An appeal was lodged with the Appeals Board, where the applicant made written submissions on the appropriate test for determining his eligibility. Specifically, it was claimed that the second limb of the eligibility test required an individualised assessment of the applicant’s needs to determine if a school was the nearest appropriate school.

In determining the case, the Appeal Board issued a short letter to the applicant stating that his appeal had been refused because he was not eligible for the scheme. The only reason provided to the boy was that he was not attending the nearest school to meet his educational needs. The boy later brought judicial review proceedings seeking to quash the decision.

High Court

The trial judge began by considering the relevant case law and the duty to provide reasons for a decision. The court considered Connelly v. An Bord Pleanala [2018] 2 I.L.R.M. 453 and MD v. Minister for Social Protection [2016] IEHC 70, ruling that the duty to give reasons could not be reduced to a box-ticking exercise and that any decision must outline the factors taken into account when determining a case. A good decision will inform a party in general terms why a particular conclusion was reached and allows a party to know whether they should appeal. Further, it was held that detailed reasons were important to identify whether a decision-maker had considered all the evidence in the case.

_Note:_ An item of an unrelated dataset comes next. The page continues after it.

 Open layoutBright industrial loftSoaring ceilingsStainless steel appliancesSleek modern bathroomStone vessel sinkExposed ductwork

Applying the law to the facts of the case, Mr Justice Hyland held that the impugned decision of the Appeals Board was defective in two respects. First, the decision did not address the question of the correct interpretation of the eligibility criteria which were to be applied. The applicant asserted in his appeal that an individualised assessment had to be made by the Appeal Board when considering the special education needs of a student and whether a school met those needs.

The court noted that the respondents had made a cogent argument at the hearing regarding an alternative interpretation of the eligibility test. It was said that the two criteria for eligibility must be read together, and that the second limb (being the location of the nearest school) was to be mechanically applied after their diagnosed disability had been assessed.

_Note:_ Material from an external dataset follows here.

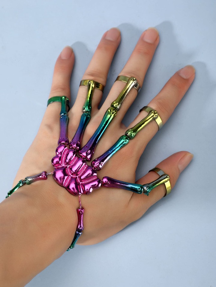 Holographic Skeleton Hand Design Mittens Bracelet

However, the court pointed out that there was no attempt by the Appeals Board to assess the proper interpretation of the eligibility test in its decision, despite it clearly being a substantive issue in the proceedings due to the written submissions provided to the Board. Even if there was an implicit rejection of the boy’s submissions in the original decision, there was a total absence of reasons why that rejection occurred.

In the absence of any adequate reasons, the court outlined several potential rationales for the decision reached by the Appeals Board. It was then said that “the very fact that the Decision requires to be puzzled over in this way demonstrates the deficit in reasoning.”

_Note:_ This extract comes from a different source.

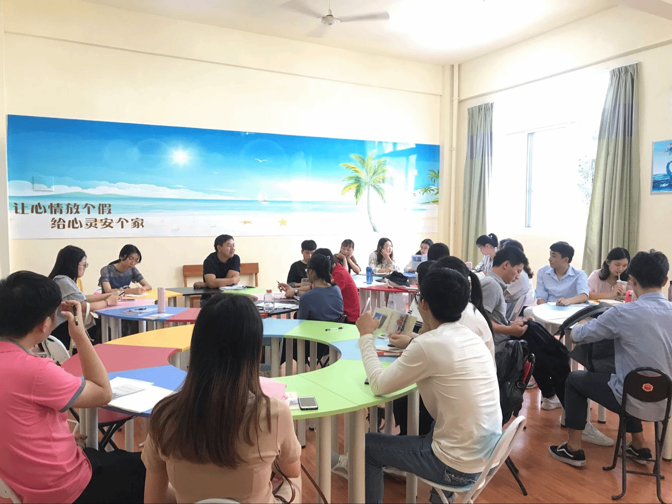 第一部分,王老师全面的讲解了本学期朋辈培训的意义、作用、目标和具体要求以及注意事项;系统的介绍了本学期6次朋辈活动的主题安排,生动形象地解析了每个主题的内涵和策划方案的设计,并讲解了一些活动如:“镜中人”、“搜救船故事”等拓宽了带领活动的思路。第二部分的新生班级团辅,以增强班级凝聚力、增强认同感、归属感为团辅目的进行培训,最后完成四次班级团辅的主题确定。

Further, it was held that the decision was unsatisfactory because the Appeals Board failed to identify the educational placement type that properly met the boy’s needs or where the nearest recognised school unit that would meet those needs.

Conclusion

The court concluded by stating that the Department of Education had established the Appeals Board for good reasons and that “all this is set at nought if the Board are free to simply announce their decisions without adequately explaining same, so that parents or guardians unsuccessful in appeals against refusal to provide school transport cannot understand why.” Further, the absence of adequate reasons undermined the independence of the Appeals Board. However, it was noted that a decision of the Appeals Board did not need to be written the same standard as a court judgment.

In the circumstances, the court determined that no adequate reasons were provided for the decision and, as such, the court duly quashed the decision. The matter was remitted to the Appeals Board for fresh consideration.